I assume you can perform your algorithm on any size of data you choose, and the only difference is performance? If so, this sounds like a great job for a parameter to the program, but if you want to gauge a default, I’d actually measure your usage ratio, rather than assuming 3:1 as in your example. By that, I mean:

  1. Run your program with a known chunk size (not too big)
  2. Use OS-level facilities to see how much memory the program is using
  3. Divide total memory usage by chunk size.

Once you have the actual ratio, which could easily be either higher or lower than the 3:1 you’re using, you can use that with the free memory calculation to determine how much to use. However, I would NOT use virtual memory for this. You’re unlikely to improve performance by pushing yourself into the swapper. If you need (say) 2.5MB for a 1MB chunk, take the physical memory free, divide by 2.5, and use that.

Side note: Have you looked into memory mapping? You MAY be able to reduce your initial load cost by mapping the file (read-only) into virtual memory, and then just proceeding to refer to it as if you’ve loaded it. The OS can handle the details for you, including discarding parts from memory when they aren’t needed.

1 Like

It will be a balance between reducing the number of I/O calls and processing overhead. The best throughput may not be memory limited.
Often using a reasonable buffer size will get you max throughtput.

As Chris said, measure, do not assume what is important.
Using a parameter to change the chunk size measure the effect of increasing chunk size then use the size that works well.

I would not get hung up on details of where the memory is used unless the measurements point to a need to optimise further.

1 Like

The common case is a join-like operation where an index declares the values to be read.

index = [2,5,3,4,6,7,1]  # index.
         -----         chunk 1
               -----   chunk 2
                    -- chunk 3

To populate the output array in I need to read the indices the index and find the appropriate value in the the source array, knowing that only a “chunk” would fit into memory.

If I call psutil for free memory and use this value, chunk 2 will run out of memory unless I use gc.collect().

With async I get limited by IOPS. With chunking or batching I get limited by CPU (unless I get out of memory error).

That is correct.

I will try that today.

I have and this is what I found:

If I mmap a contiguous block and write values to it, I end up having prematurely optimized for the whole array.
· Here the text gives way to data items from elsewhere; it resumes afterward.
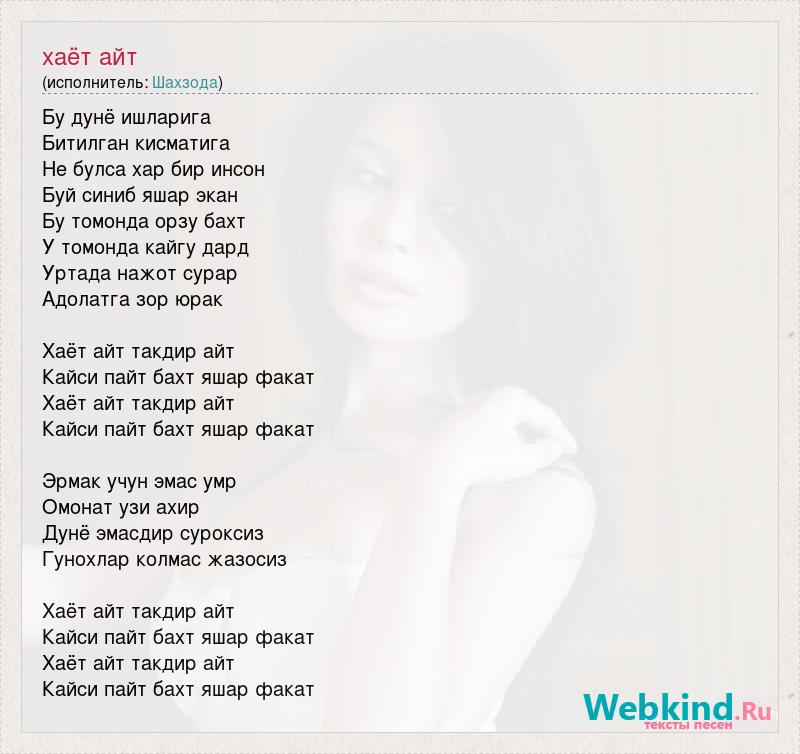 Бу дунё ишларига Битилган кисматига Не булса хар бир инсон Буй синиб яшар экан Бу томонда орзу бахт У томонда кайгу дард Уртада нажот сурар Адолатга зор юрак Хаёт айт такдир айт Кайси пайт бахт яшар факат Хаёт айт такдир айт Кайси пайт бахт яшар факат Эрмак учун эмас умр Омонат узи ахир Дунё эмасдир суроксиз Гунохлар колмас жазосиз Хаёт айт такдир айт Кайси пайт бахт яшар факат Хаёт айт такдир айт Кайси пайт бахт яшар факат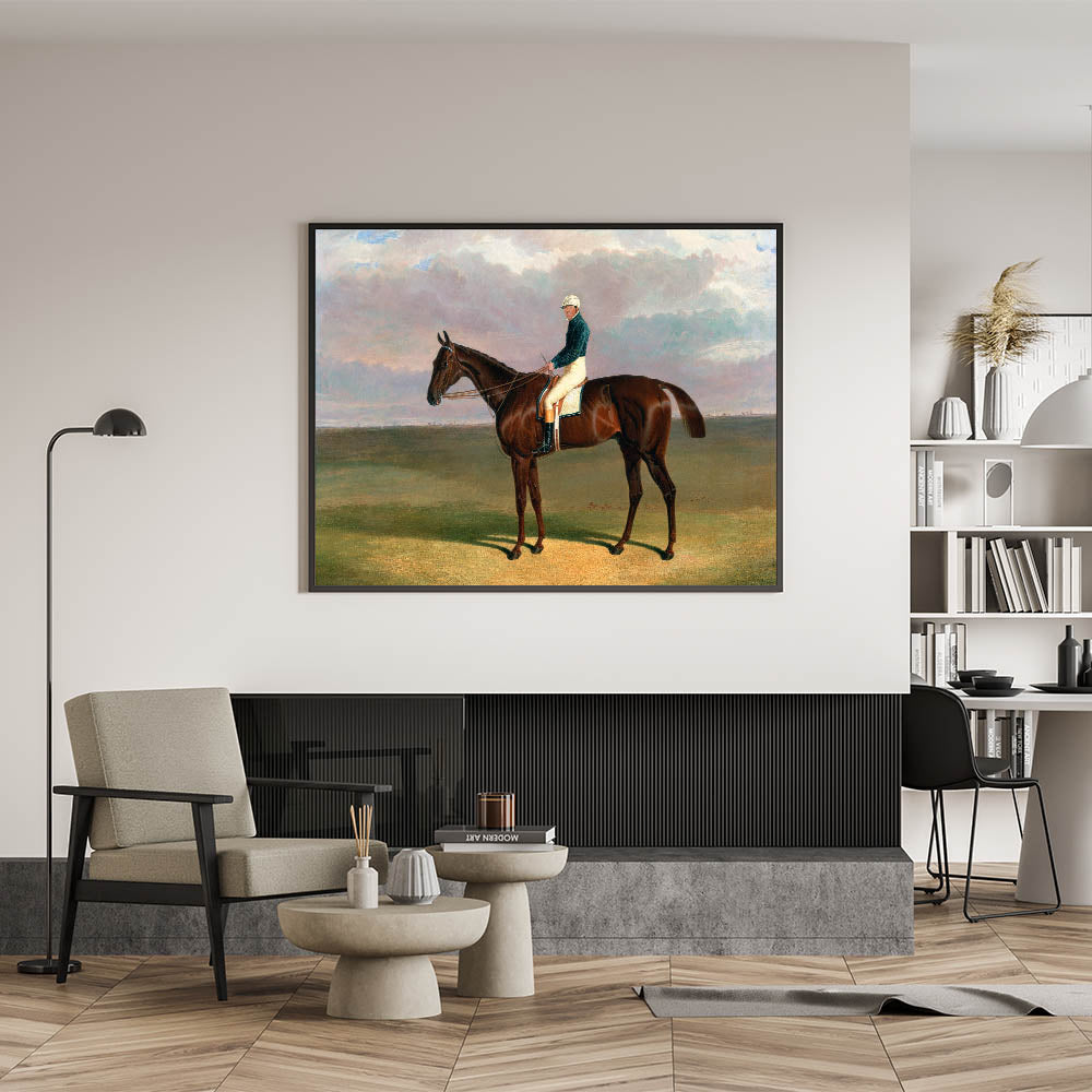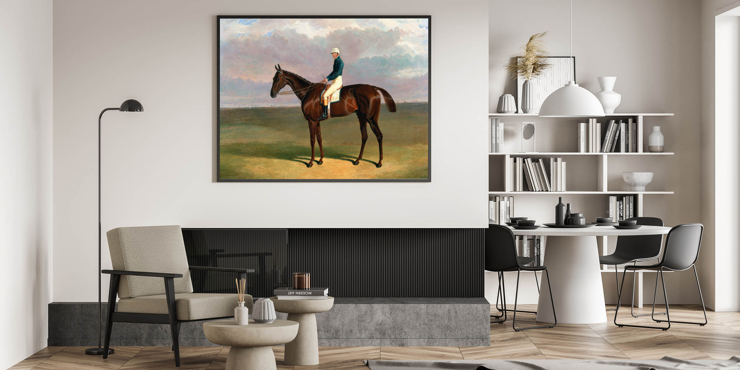 Celebrate the timeless elegance of equestrian art with Margrave with James Robinson Up (1833) by John Frederick Herring. This striking painting captures the regal posture of the racehorse Margrave and his jockey set against an expansive landscape. Herring’s masterful attention to detail showcases the horse’s strength and grace, making this piece a quintessential example of Romantic-era equestrian art.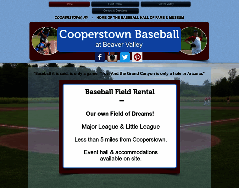 Major League and Little Leage Field Rentals. 5 miles from Cooperstown. Our own Field of Dreams!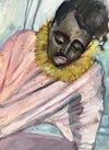 "Eyelet Collar Pink Rose (Bust)" · oil on paper · 16 x 12 inches · 2019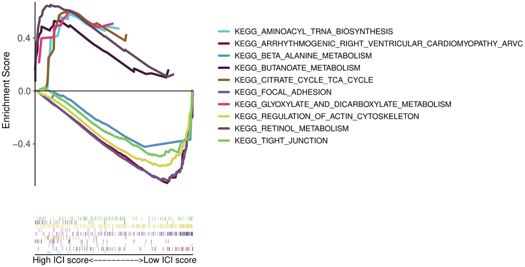 Gene Ontology (GO) enrichment analysis was used to define the different biological functions in different DEG types. The results showed that type I characteristic DEGs were mainly enriched in extracellular matrix, extracellular structure organization, collagen-containing extracellular matrix and extracellular matrix structural constituent (Figure 5A). Type II characteristic DEGs were primarily enriched in antimicrobial humoral response, humoral immune response, apical part of cell and carbohydrate binding (Figure 5B). The results of GSEA showed that aminoacyl tRNA biosynthesis, glyoxylate and dicarboxylate metabolism, butanoate metabolism, citrate cycle/TCA cycle, and retinol metabolism were enriched in the high ICI score subgroup, whereas beta alanine metabolism, tight junction, regulation of actin cytoskeleton, arrhythmogenic right ventricular cardiomyopathy (ARVC), and focal adhesion were enriched in the low ICI score subgroup (Figure 6).

This means that every subsequent read operation must incur 2.5 times the read time as mmap has a cost associated with the map operation that stages the data.

The compromise I found being more effective was using pages (like databases do) where the page size fits into memory as the overhead of managing pages is in the nanoseconds.

That’s also the direction I was heading. I was mainly wondering if there was some obvious direction I missed.

Thank you all for the inputs. Your responses were very reassuring. I will develop a feature for calibration using a suitable test suite and let that be the source for the optimization.

PS: Here’s the project: tablite · PyPI

Note that the figure of 2.5 was a placeholder, and your ACTUAL figure needs to be determined through experimentation and measurement of your memory usage.

Of course Chris. Thanks

2 Likes

You are on a linux system?

Memory use in linux is not simple. It is a bad assumption that
the free memory can be assigned to your process with no side effects.
You might force the kernel to reclaim caches that where helping you.
On the other hand you can often use more memory then is currenly
free becuase linux has been caching all the files read in buffer caches.
It will not reclaim that memory unless there is pressure to do so.

Best to benchmark with various chunk sizes and see what works best
and not guess what the kernel and C runtime will do under your code
in most cases.

1 Like

I still don’t understand the operation, I think. So you read an array of indexes from some path, and an array of data from somewhere else, and you’re reading data based on the index? Does the chunk size affect the operation at all, or is it an irrelevant detail (for the operation, not the performance)?

As an alternative: If you’re working with plain numpy arrays[1], this could be a good use-case for something like zarr and potentially dask. I’ve used zarr+dask for iterative processing over very large arrays without having to worry too much about this stuff.


  1. i.e. this isn’t shorthand for a much more complicated data structure ↩︎

1 Like